Du facteur de croissance épidermique dans le lait maternel : ici, les chercheurs de l’École de médecine de l'Université de Washington constatent que le lait maternel grâce à des niveaux plus élevés d’un facteur de croissance épidermique, en particulier dès les premiers jours de lactation après la naissance, est la protection la plus efficace contre les bactéries dangereuses et le risque de sepsis. La découverte est réalisée chez des souris nouveau-nées. L’étude montre qu'une molécule appelée facteur de croissance épidermique dans le lait maternel active les récepteurs des cellules intestinales pour empêcher les bactéries intestinales dangereuses de migrer dans la circulation sanguine, où ces microbes peuvent provoquer une septicémie : les chercheurs ont donné aux souris nouveau-nés une solution contenant des bactéries Escherichia coli isolées de la circulation sanguine d'un patient atteint de septicémie tardive peu après la naissance. Les bébés souris ont ensuite été nourris soit par leur propre mère, soit par une autre mère qui avait donné naissance plus tôt et dont, par conséquent, le lait maternel contenait des quantités plus faibles de facteur de croissance épidermique.
Les souris qui ont développé des infections du sang étaient celles nourries par des femelles qui allaitaient déjà depuis de plus longues périodes et avaient donc des niveaux plus faibles de facteur de croissance épidermique dans leur lait.
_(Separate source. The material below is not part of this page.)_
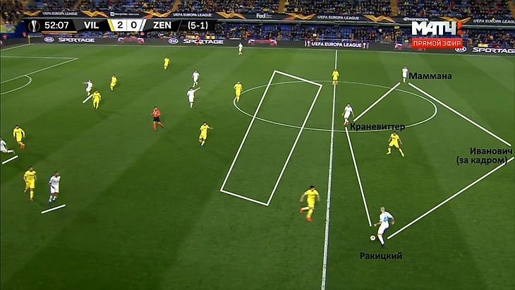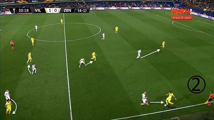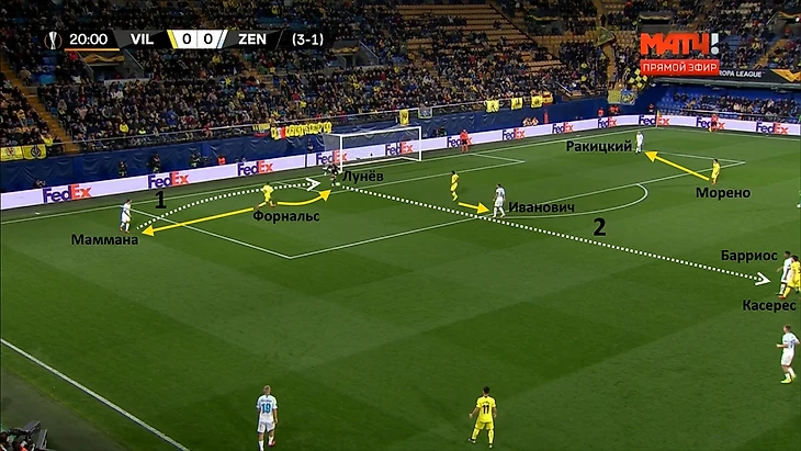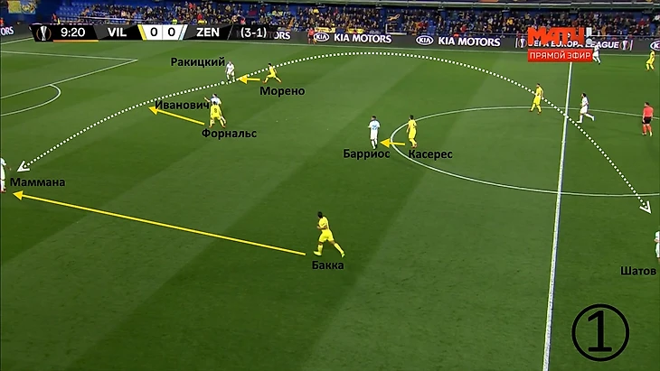 Даже первая голевая атака «Вильярреала» возникла из-за плохой структуры «Зенита» в позиционном нападении:

La conclusion de l’étude est claire, mais il y en a même 2 ! Utiliser le lait maternel pour nourrir les prématurés chaque fois que cela est possible mais peut-être aussi enrichir le lait maternel afin d'obtenir des concentrations plus élevées de facteur de croissance épidermique : il pourrait en effet, être possible d'ajouter un facteur de croissance épidermique au lait maternel ou aux préparations pour nourrissons.
Enfin, contrairement aux antibiotiques qui ont tendance à tuer les bactéries sans discernement, le lait maternel contenant des quantités plus élevées de facteur de croissance épidermique ne tue pas indifféremment les bactéries nocives ou bénéfiques dans l'intestin.
Bref, peut-être pas une option pour traiter l’infection, mais certainement une option pour la prévenir.
Source : Proceedings of National Academy of Science (PNAS) 16 March, 2020 DOI : 10.1073/pnas.1912022117 Maternal activation of the EGFR prevents translocation of gut-residing pathogenic Escherichia coli in a model of late-onset neonatal sepsis.